How to Analyse PowerBall Numbers with Python

Pandas can't Predict the Future. Can You?

Anyone playing the lottery can be carried away with fantasies about unspeakable riches and ways of spending it unspeakably fast. From a data point of view, looking into the numbers can be a fun project to practice some of the tools you have under your belt, and can actually lead to interesting experiments.

Can you predict lottery numbers? Assuming the drawings are indeed random the answer is no. Can you expect certain numbers to pop up in the future? Well, not really.

Given a large enough sample size — according to the law of large numbers — all you can expect is that the average value of the numbers drawn is going to be very close to the expected value.

Looking into what happened in the past could be still fun — if you want to choose your next winning combination, well, go ahead, build a hypothesis and find your favourites.

Let's play with historic PowerBall numbers!

The base data

We have a rather simple CSV file with the date and numbers drawn:

The first four columns are the game name and date values (M/D/Y), the next five are the “white balls” drawn, the next is the “PowerBall”, the last is the PowerPlay value.
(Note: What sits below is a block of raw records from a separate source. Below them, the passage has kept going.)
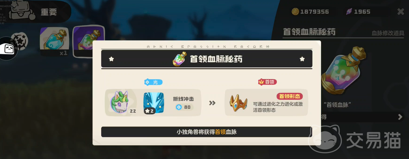 获取该精灵的前提,是先拥有一只白金独角兽。该宠需通过驯化系统加入队伍,并成功完成驯化流程,方可作为可出战单位使用。但仅持有白金独角兽尚不足够——必须满足两项核心条件:习得“进化之力”技能,且携带“首领血脉”特性,二者缺一不可,否则无法触发最终进化。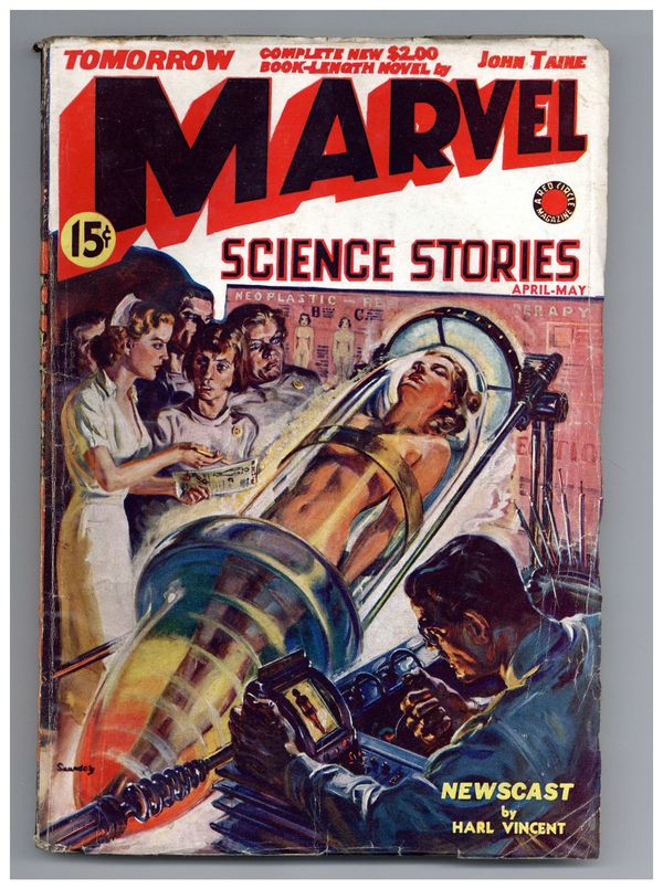 Starts Jan 3 April 1939. Cover by Norman Saunders. Science Fiction stories by John Taine and Harl Vincent. 7" x 10"; black and white; 128 newsprint pages. Cover price $0.15.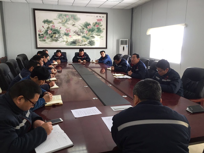 2018年1月5日上午,板集项目公司召开雨雪冰冻天气三级应急预案启动动员会议,项目公司总经理周道平主持会议,项目公司各专业主管、专工及项目公司办公室全体管理人员参加会议。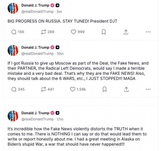 У меня была отличная встреча на Аляске по поводу глупой войны Байдена — войны, которой никогда не должно было быть! Если бы я добился того, чтобы Россия отказалась от Москвы в рамках сделки, фейк-ньюс и их партнеры — радикальные левые демократы — сказали бы, что я совершил ужасную ошибку и заключил очень плохую сделку», - написал президент США.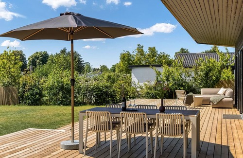 Single-family house, built in 2024. Private: property 1'362 m2, well-kept garden. Outdoor shower, terrace (100 m2), barbecue. In the house: sauna, washing machine, tumble dryer. Parking at the house. Grocery 2.2 km. Golf course 19.5 km. The owner does not accept any youth groups.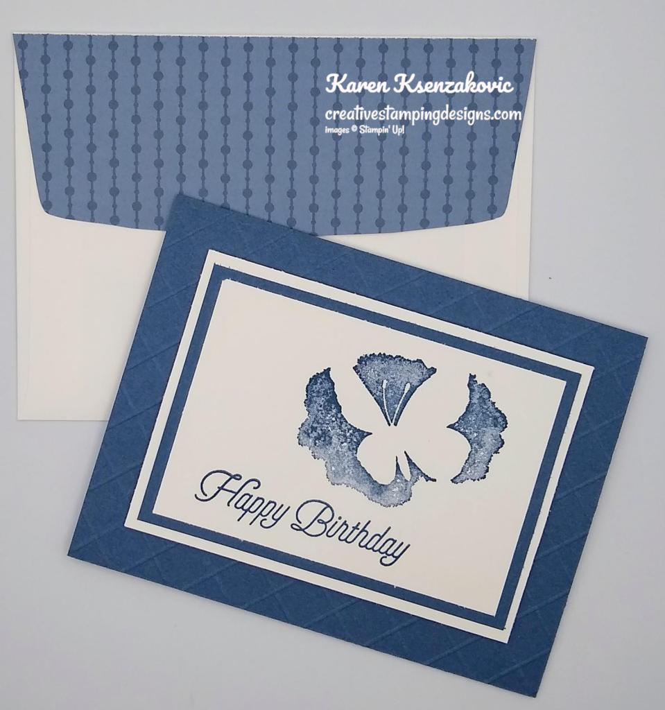 to complete my card, I decorated a Basic White Medium Envelope. I stamped the butterfly image from the Amazing Silhouettes stamp set on the envelope front in Blackberry Bliss Ink. I adhered a panel of Design A Daydream DSP to the envelope flap.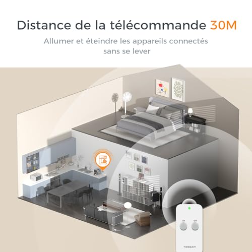 TESSAN Prise Télécommandée Programmable, Portée 30,5 M Prise Telecommande Sans Fil, Intérieures Prise avec Interrupteur, pour Décoration de Noël, Électroménager, Éclairage, 2300 W

I've used the ‘names' parameter of the read_csv method to keep the column name house in order.

I would like to focus on the “white ball” numbers — this is just a decision out of convenience, the point here is to show a way to look into the data, not a comprehensive statistical analysis.

Note that since the rules of the game have changed since 2015 (the number of possible white numbers drawn have increased), I am focusing on the period after the change to avoid distortion in frequency comparison.

# Create a DateTime Series based on the Y/M/D columns
powerball_df["Date"] = pd.to_datetime(powerball_df[["Year", "Month", "Day"]])

# Put the "white ball" numbers drawn into one list
powerball_df["Nums"] = powerball_df[["Num1", "Num2", "Num3", "Num4", "Num5"]].values.tolist()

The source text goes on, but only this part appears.